We've detected that you're using an ad content blocking browser plug-in or feature. Ads provide a critical source of revenue to the continued operation of Silicon Investor.  We ask that you disable ad blocking while on Silicon Investor in the best interests of our community.  If you are not using an ad blocker but are still receiving this message, make sure your browser's tracking protection is set to the 'standard' level.
Politics : Formerly About Advanced Micro Devices -- Ignore unavailable to you. Want to Upgrade?
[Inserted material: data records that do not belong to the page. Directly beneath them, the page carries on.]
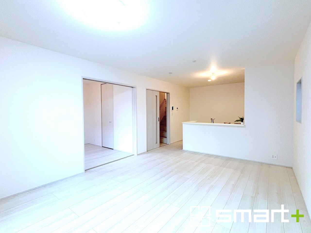 1号棟 ~穏やかな陽の入るLDK~ ・大きな窓のあるLDKは陽当りも良好で明るい空間となっております。 ・ご家族団らんなど過ごす時間の多いLDKが明るいのは嬉しいポイントですね。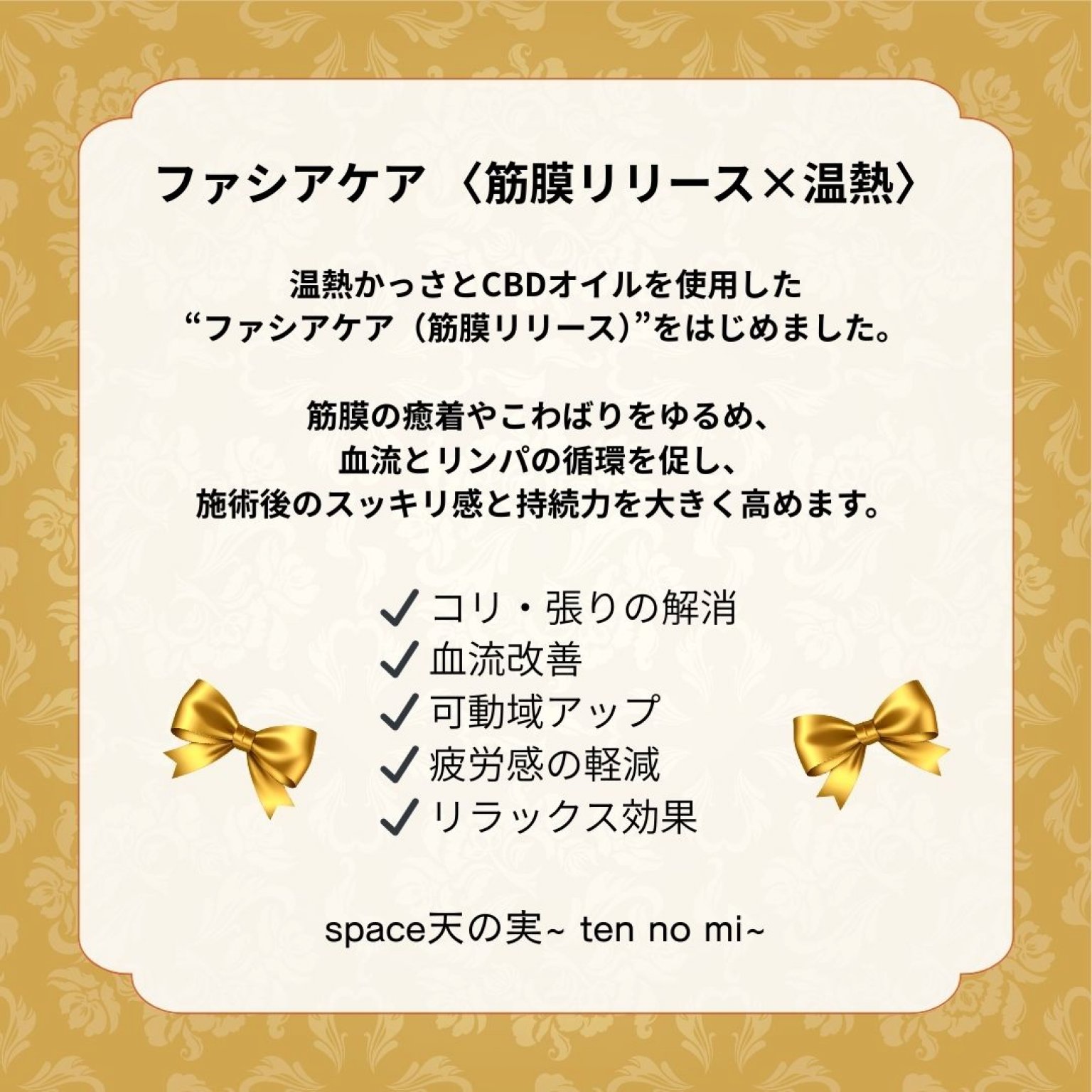 温熱 × ファシア(筋膜)ケア を中心とした新しい施術メニューを導入します。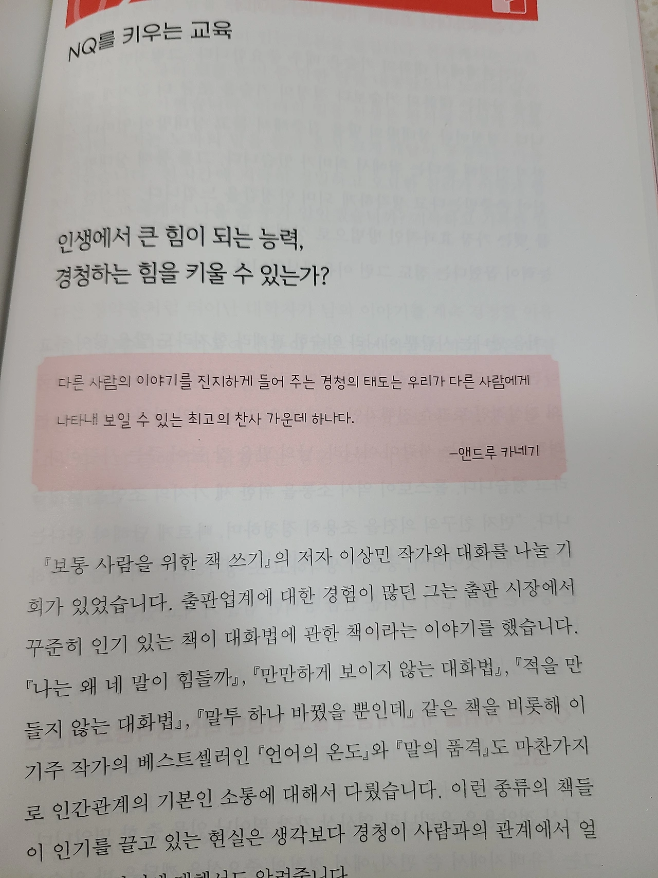 그렇게 재미있는 이야기를 하면서 각자의 가정에 충성(?)을 다하기 위해 카페를 나왔습니다. 작가님도 그렇고 저도 그렇고 무엇보다 공감과 경청이라는 키워드의 중요성에 대해서 많은 것을 느꼈다고 한 목소리로 말하면서 말이죠. 그렇게 집으로 오는 길에 작가님의 저서에서 '경청'에 대한 챕터를 다시 한번 읽어보며 오늘을 복기했습니다. 그리고 오늘 과연 나는 충분히 '경청'했는지 생각해 보았습니다.

To: Bilow who wrote (107735)4/25/2000 5:57:00 AM
From: Joe NYC  Respond to of 1572871
 
Carl,

P.S. I hope that Via does a better job with their DDR chipsets, but I guess that other companies are working on competing sets anyway...

Well, AMD is working on it as well. I hope we will get a good performing chipset from AMD. AMD has a strong incentive to do very well, because the chipset can make an important difference in the benchmarks.

Joe



To: Bilow who wrote (107735)4/25/2000 6:12:00 AM
From: Joe NYC  Read Replies (3) | Respond to of 1572871
 
Carl,

I have a very basic question about RDRAM vs. SDRAM. Here are 2 articles on the web:

hardwarecentral.com

SDRAM performance is actually measured with two metrics: bandwidth and latency. Surprisingly RDRAM does not only offer a higher bandwidth, but its latency has also been improved relative to SDRAM. What may be even more surprising is that PC133 SDRAM latency is worse than PC100 SDRAM.

How is component latency defined? The accepted definition of latency is the time between the moment the RAS (Row Address Strobe) is activated (ACT command sampled) to the moment the first data bit becomes valid. Synchronous device timing is always a multiple of the device clock period.

The fundamental latency of a DRAM is determined by the speed of the memory core. All SDRAMs use the same memory core technology, so all SDRAMs are subject to the same latency. Any differences in latency between SDRAM types are therefore only the result of the differences in the speed of their interfaces.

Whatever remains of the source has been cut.